* **EXCERPTED RECORDS**:
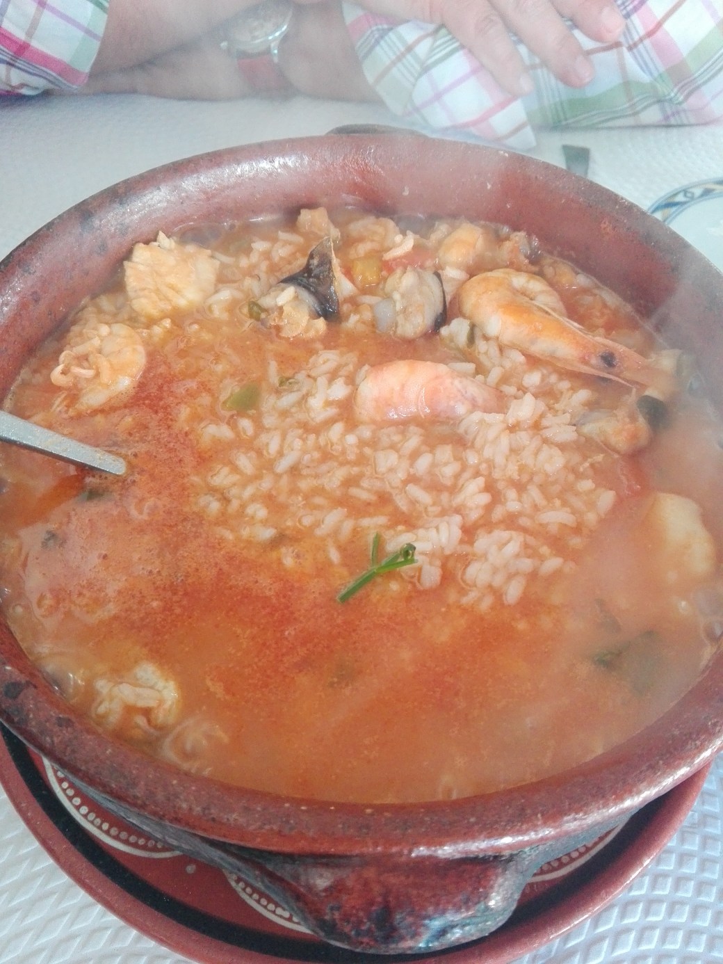 Cataplana que es una característica de la zona , cazo con tapa como si fuera una almeja y que sirve sobre todo para hacer calderetas de pescado. Y el arroz de tamboril (rape), caldoso y espectacular. Nosotros comimos en el Avenida y volveremos.
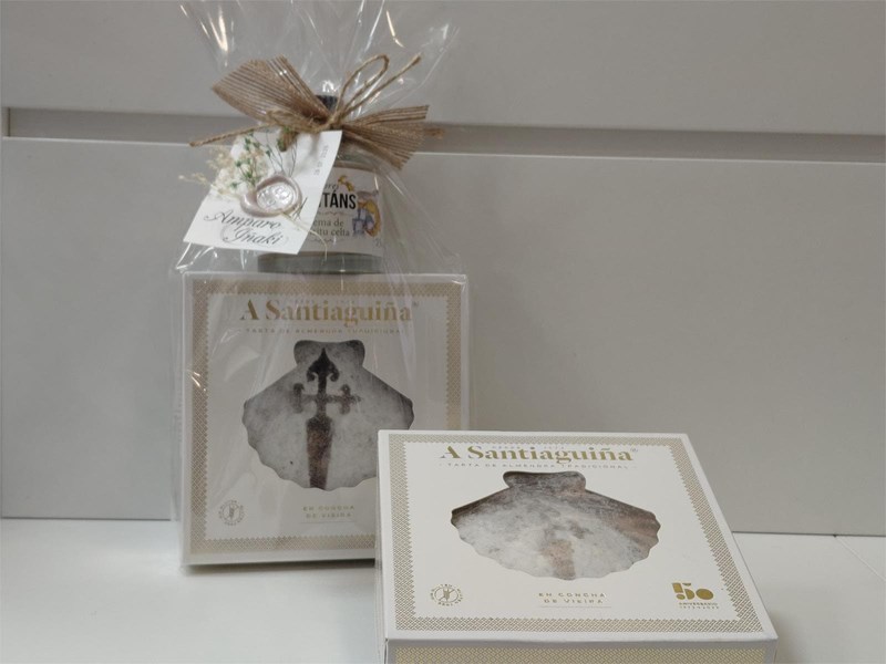 Crema espirituosa de orujo + tarta almendra "A Santiaguiña en vieira Riquisima!!
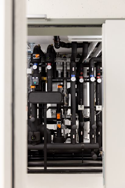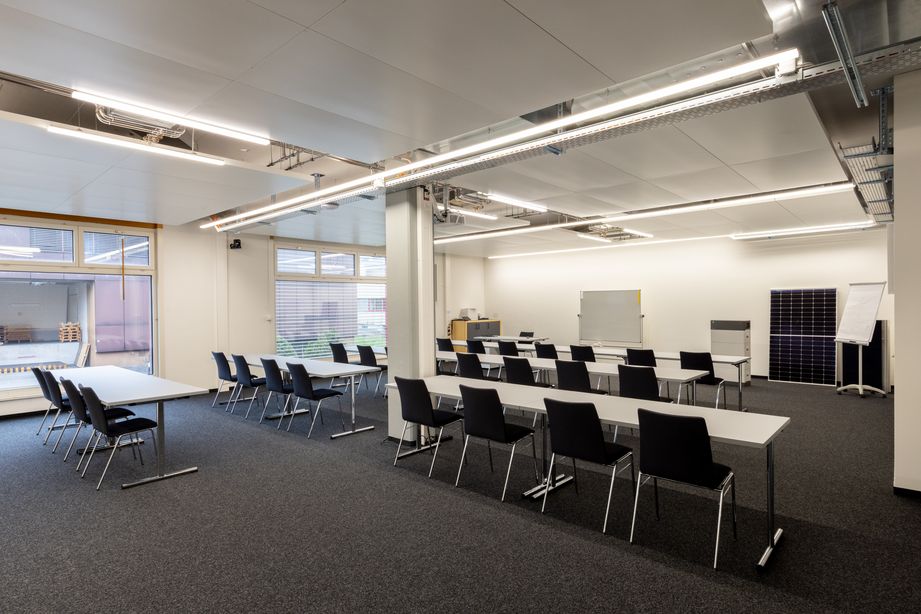 Im Untergeschoss befinden sich eine neue Technikzentrale zur Koordination aller haustechnischen Anlagen sowie eine Ausstellungsfläche für Solartechnologie.
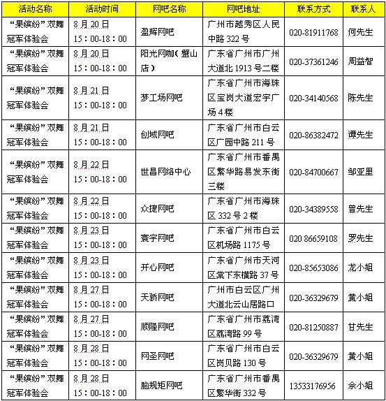 “果缤纷”双舞冠军挑战赛是对参与20场网吧试玩的玩家,进行现场成绩记录和排序,每名玩家只有一次参与活动的机会,让有实力的劲舞、超舞玩家都有机会来挑战冠军,赢取奖励,对于两款游戏排名在前15位的玩家,将在8月30日聚集一堂,参与最终的双舞冠军会及“冠军之夜”网聚。
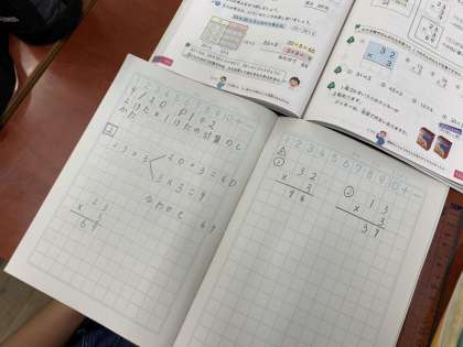3年生の算数では、『2けた×1けた』のかけ算の筆算の学習に入りました。
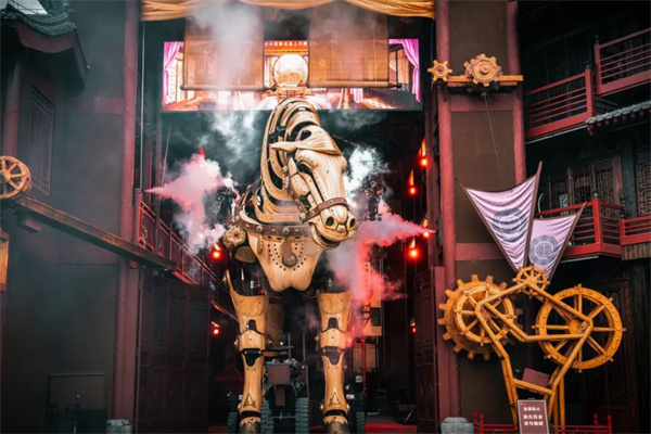 景區(qū)內(nèi),每天有《岳飛槍挑小梁王》《大宋·東京保衛(wèi)戰(zhàn)》《王員外招婿》《氣功噴火》《民俗絕活》等近百場(chǎng)精彩演出,給游客以滿(mǎn)滿(mǎn)的體驗(yàn)感和代入感。
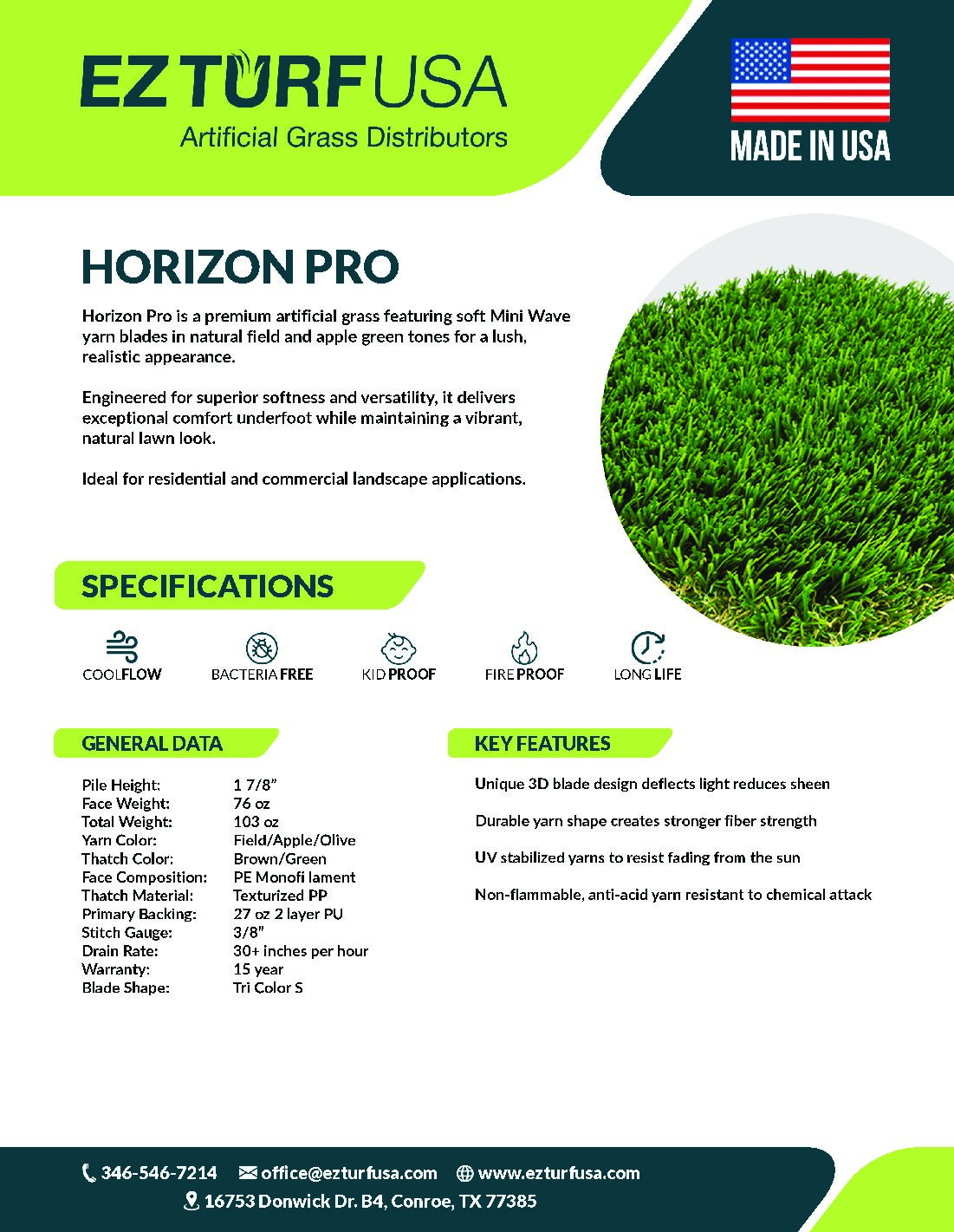 Horizon Pro is a premium artificial grass featuring soft Mini Wave yarn blades in natural field and apple green tones for a lush, realistic appearance.
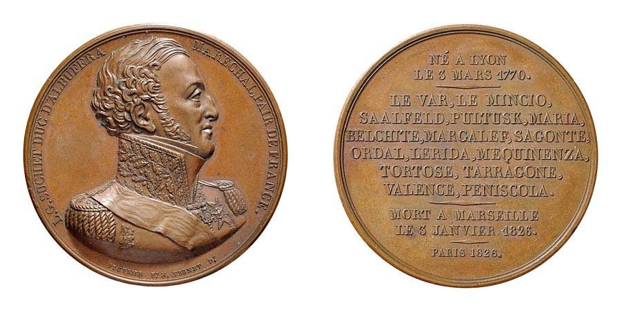 Louis Gabriel Suchet 1826 -B1884 Dritto: L. G. SUCHET DUC D'ALBUFERA MARCHAL, PAIR DE FRANCE busto in uniforme a dx con collo ricamato da foglie di quercia, decorazioni e fascia sotto: PEUVRIER F.t VERNET D.t | |
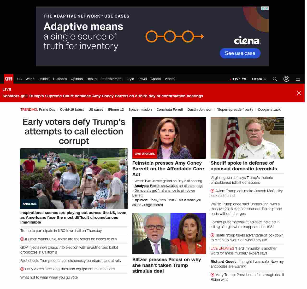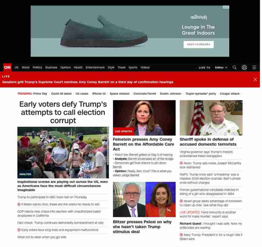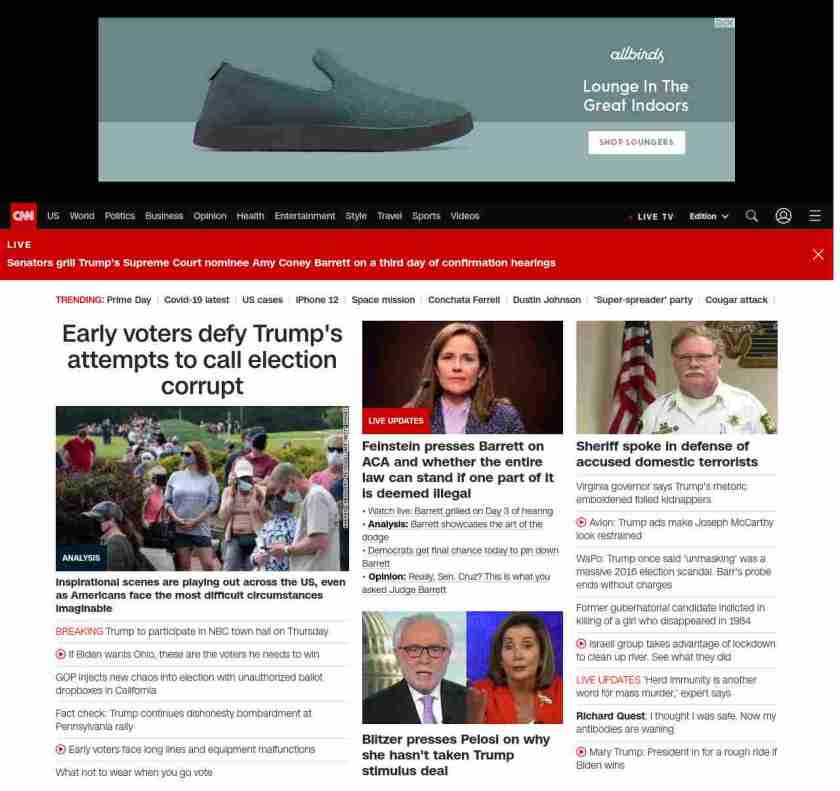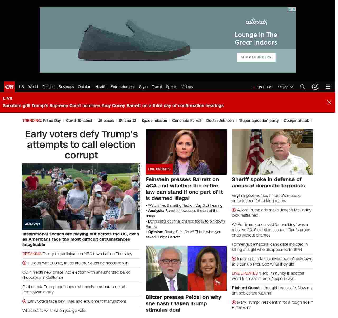 CNN1: FOXVCNN=|Early voters defy Trump’s attempts to call election corrupt| ((lubuntu at wor3))
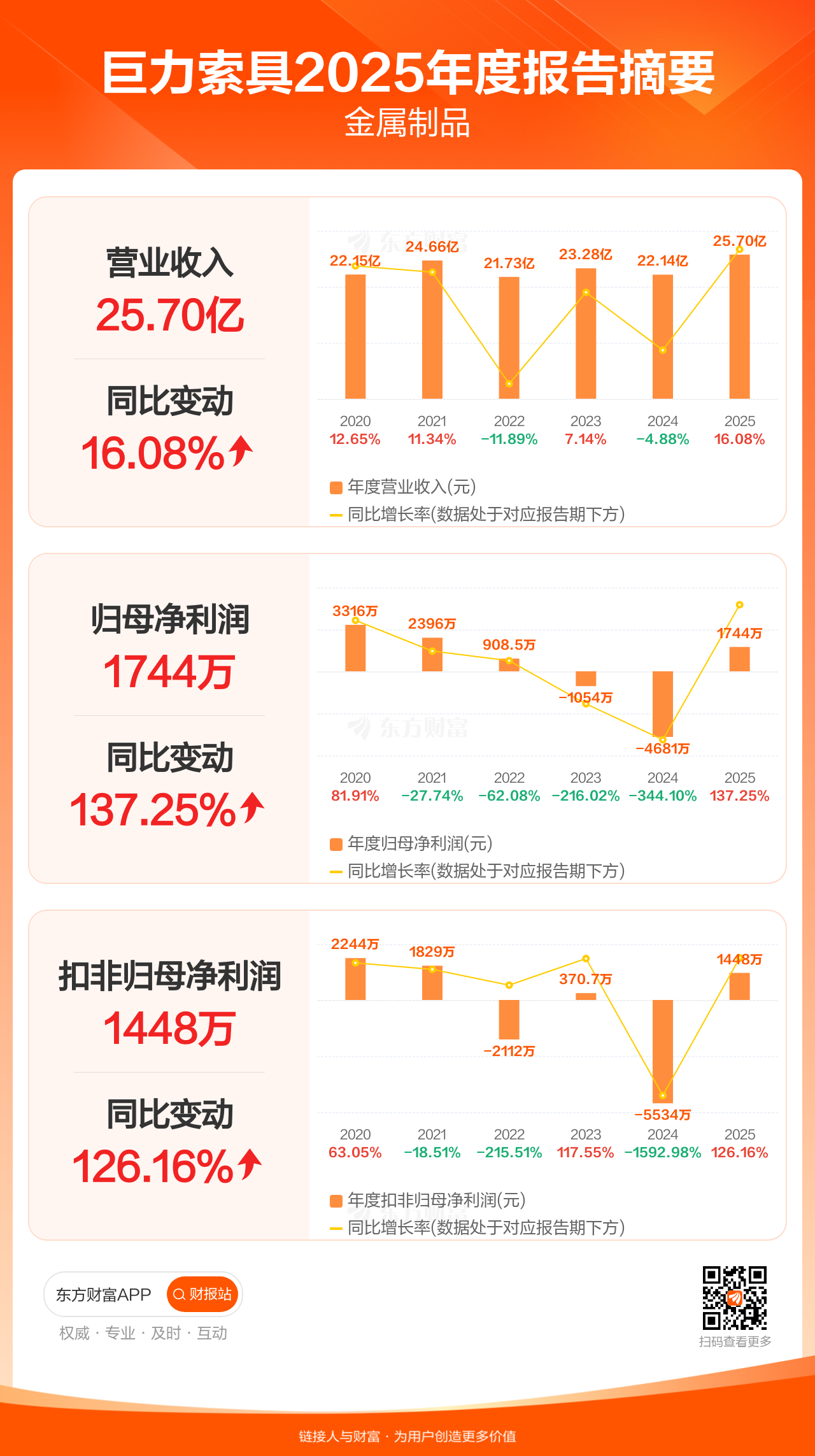巨力索具4月10日发布2025年年报显示,公司全年实现营业收入25.70亿元,同比增长16.08%;归母净利润1743.64万元,同比增长137.25%;扣非归母净利润1447.71万元,同比增长126.16%。
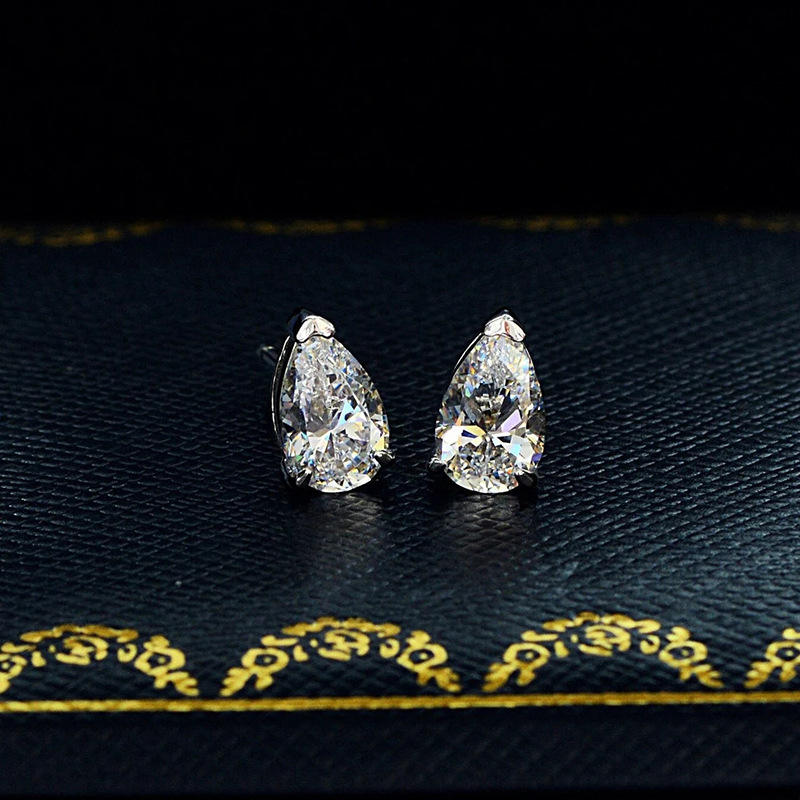 E2242 White Gold Diamond Earrings Pear Cut Natural Diamond Women's Classic Style Jewelry

* **WORK ITEM**:
Set down exactly, and only, the lines from the one containing "3年生の算数では、『2けた×1けた』のかけ算の筆算の学習に入りました。" through the last line of the entries. Pictures do not belong in the copy.

* **YOUR SOLUTION**:
3年生の算数では、『2けた×1けた』のかけ算の筆算の学習に入りました。
 景區(qū)內(nèi),每天有《岳飛槍挑小梁王》《大宋·東京保衛(wèi)戰(zhàn)》《王員外招婿》《氣功噴火》《民俗絕活》等近百場(chǎng)精彩演出,給游客以滿(mǎn)滿(mǎn)的體驗(yàn)感和代入感。
 Horizon Pro is a premium artificial grass featuring soft Mini Wave yarn blades in natural field and apple green tones for a lush, realistic appearance.
 Louis Gabriel Suchet 1826 -B1884 Dritto: L. G. SUCHET DUC D'ALBUFERA MARCHAL, PAIR DE FRANCE busto in uniforme a dx con collo ricamato da foglie di quercia, decorazioni e fascia sotto: PEUVRIER F.t VERNET D.t | |
 CNN1: FOXVCNN=|Early voters defy Trump’s attempts to call election corrupt| ((lubuntu at wor3))
巨力索具4月10日发布2025年年报显示,公司全年实现营业收入25.70亿元,同比增长16.08%;归母净利润1743.64万元,同比增长137.25%;扣非归母净利润1447.71万元,同比增长126.16%。
 E2242 White Gold Diamond Earrings Pear Cut Natural Diamond Women's Classic Style Jewelry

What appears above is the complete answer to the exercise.